Собственное тело деперсонализировано и имеет внеличностный модус анонимного On, так как в наивном дорефлексивном опыте восприятия отсутствует тело как мое. Поэтому «я не могу сказать, что я вижу голубизну неба в том же смысле, как когда говорю, что я понимаю книгу или что я решил посвятить свою жизнь математике» [4]. Правильнее было бы сказать: «во мне видит», «во мне воспринимает» (on percoit en moi). Собственное тело мне не принадлежит: «сознательное Я» может контролировать его действия не более, чем рождение или смерть. Так из констатации объективности, независимости механизмов восприятия от «сознательного Я» Мерло-Понти делает вывод об анонимности субъекта восприятия — тела, или «естественного Я». Фактически философ наделяет тело функцией сознания, «латентной наукой»: оно является «логосом эстетического мира» [5].

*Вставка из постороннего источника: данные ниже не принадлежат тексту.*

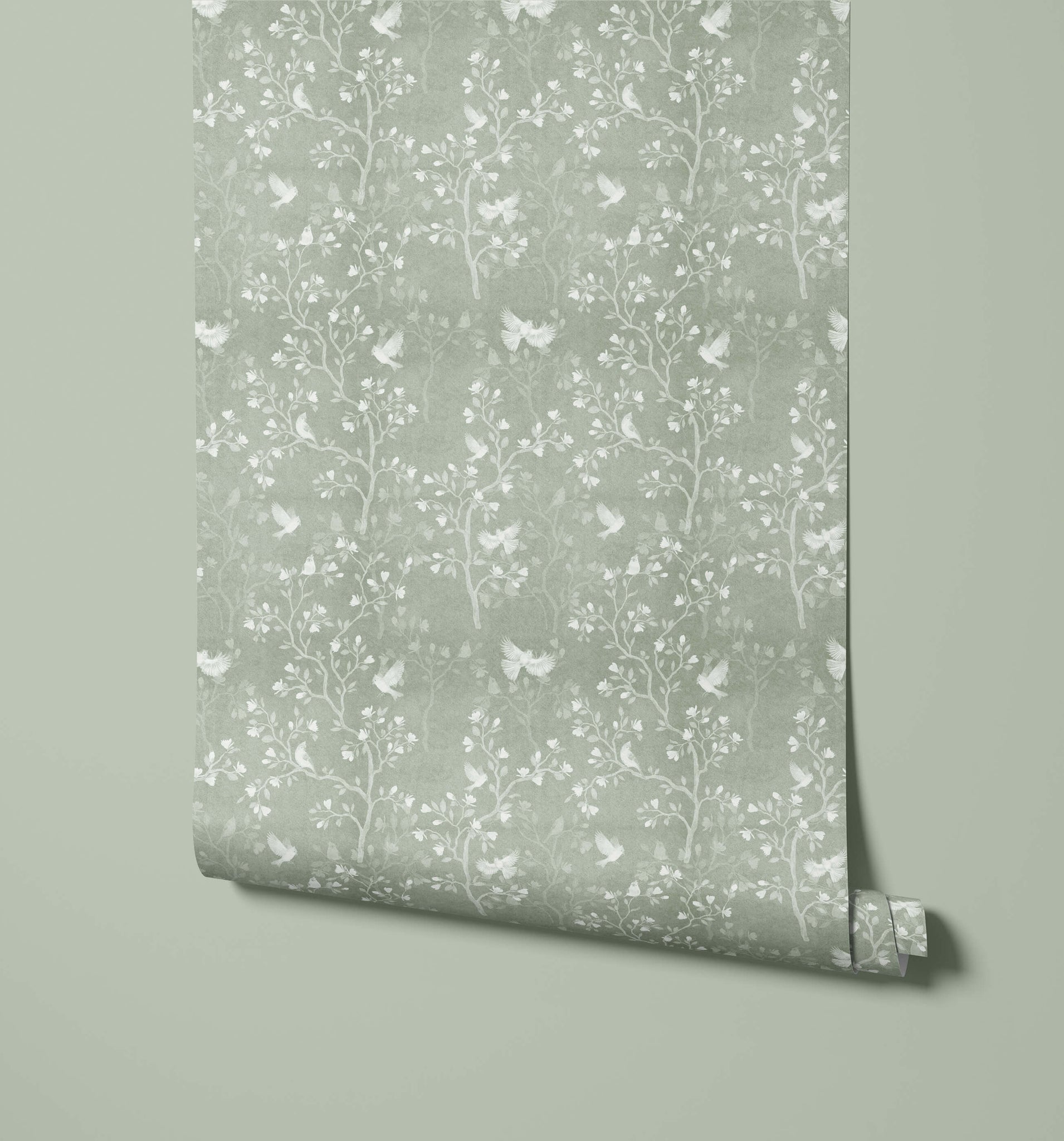 Le papier peint Silhouette d'oiseaux apporte un charme doux à n'importe quel espace, avec sa représentation délicate d'oiseaux au repos et en vol parmi des branches gracieuses. La qualité subtile, presque éthérée, du motif crée une atmosphère paisible et apaisante, les contours doux des oiseaux et du feuillage semblant se fondre dans l'arrière-plan. L'interaction entre la beauté de la nature et une élégance raffinée et discrète fait de ce papier peint un choix intemporel. Ses tons sourds et sa silhouette détaillée offrent une grande polyvalence, rehaussant les intérieurs modernes et traditionnels d'un sentiment de tranquillité et de grâce naturelle.

В решении проблемы интерсубъективности Мерло-Понти также стремится избежать как гуссерлевского объективизма, так и сартровской позиции, согласно которой под объективирующим взглядом другого я в опасности. Согласно Мерло-Понти, в перцептивное поле, охватываемое телом, включен и другой: он составляет часть моего тела. «Ни во мне, ни вне меня нет более ни в-себе, ни для-себя; другой участвует в моем «чувствовать» и составляет — совсем как Я — систему с миром», — поясняет Д. Уисман [6]. Поэтому интерсубъективные отношения не являются конфликтными, а жизненный мир — это наш общий мир, который Мерло-Понти называет «междумирьем» (intermonde), временным развертыванием которого является история.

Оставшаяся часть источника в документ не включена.